--- Recorded information ---
• • • • •

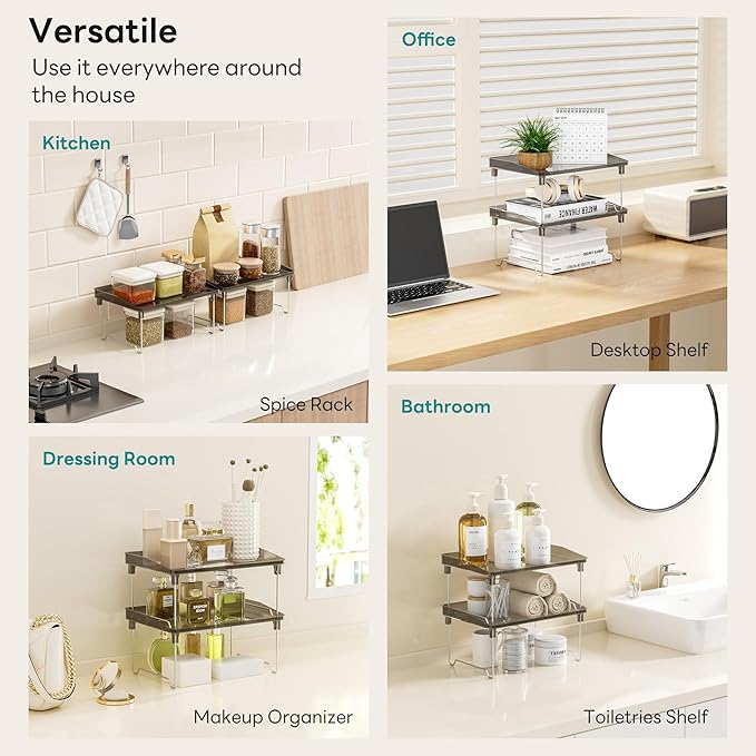 2 Pcs Cabinet Organizer Shelf,Stackable Kitchen Counter Shelves, Spice Rack,Countertop Organizers,Black Plastic Storage Shelves Rack for Makeup,Bathroom, Cupboard,Desk,Pantry Organization
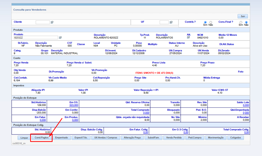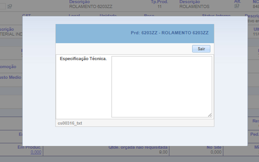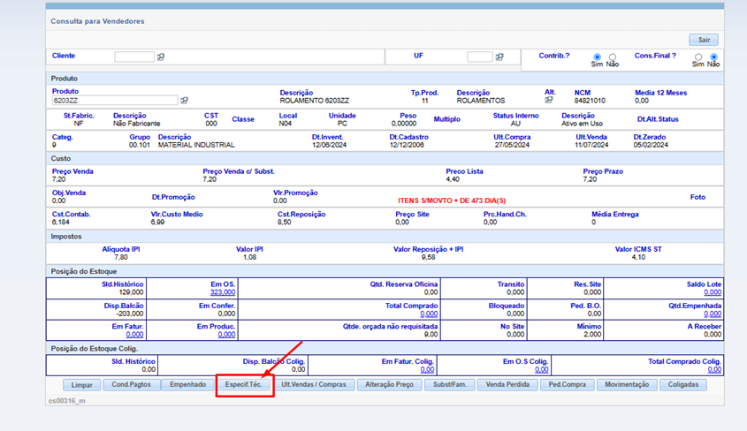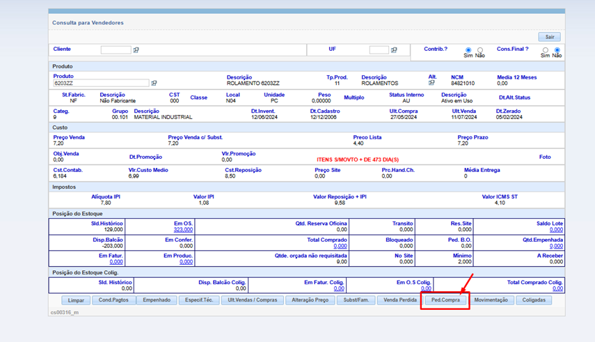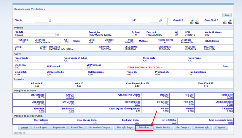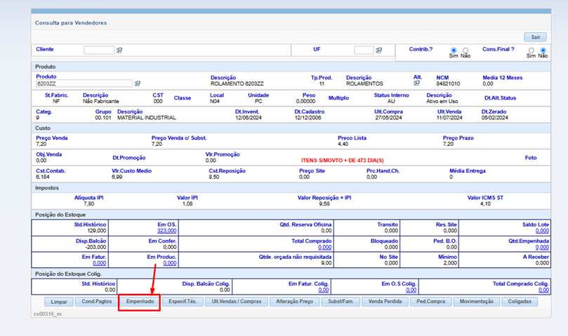 Os campos clicáveis após a busca do código do produto permitem consultar detalhes como: Valor Em O.S, Valor Total em Produção, Valor em Faturamento, Valor Total Comprado, Saldo lote, Qnt Empenhada, Em Fatur. Colig, Em O.S colig, Total comprado colig:
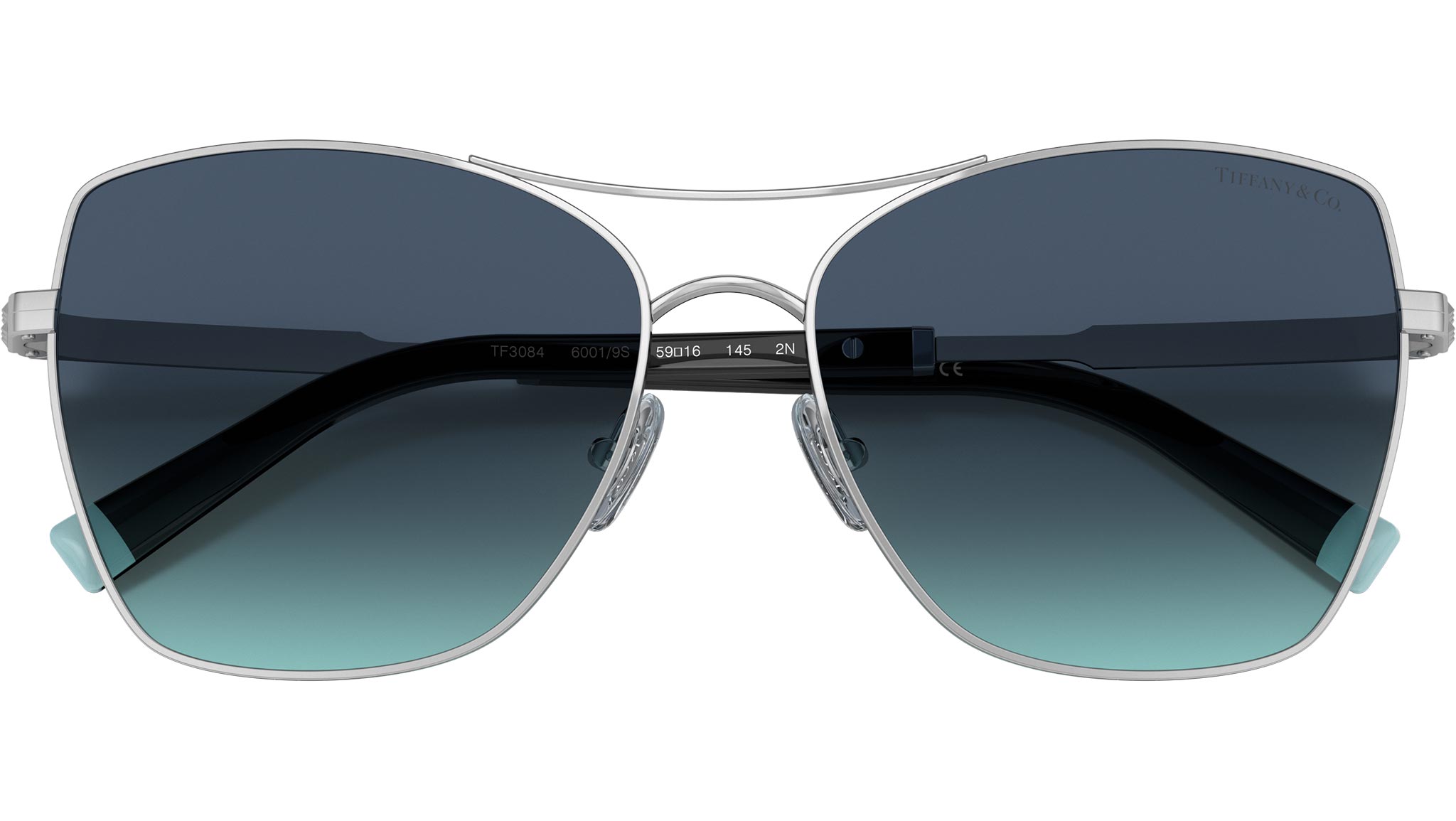 Occhiali da sole Tiffany donna modello TF3084 60019S con montatura squadrata in acciaio argento e lenti in poliammide blu azzurro sfumato base 4. Naselli regolabili. Linea: Motifs. Codice Brand: 0TF3084. Codice colore: 60019S. Rivenditore autorizzato online Tiffany Eyewear. Ogni prodotto Tiffany viene consegnato con astuccio originale e accessori ed è coperto da garanzia del produttore di 12 mesi.

• • • • •

--- What you will do ---
Only exact copies are wanted here. Write out the lines from the one containing "Os campos clicáveis" through the end of the material and no others, omitting all pictures.

--- Answer box ---
 Os campos clicáveis após a busca do código do produto permitem consultar detalhes como: Valor Em O.S, Valor Total em Produção, Valor em Faturamento, Valor Total Comprado, Saldo lote, Qnt Empenhada, Em Fatur. Colig, Em O.S colig, Total comprado colig:
 Occhiali da sole Tiffany donna modello TF3084 60019S con montatura squadrata in acciaio argento e lenti in poliammide blu azzurro sfumato base 4. Naselli regolabili. Linea: Motifs. Codice Brand: 0TF3084. Codice colore: 60019S. Rivenditore autorizzato online Tiffany Eyewear. Ogni prodotto Tiffany viene consegnato con astuccio originale e accessori ed è coperto da garanzia del produttore di 12 mesi.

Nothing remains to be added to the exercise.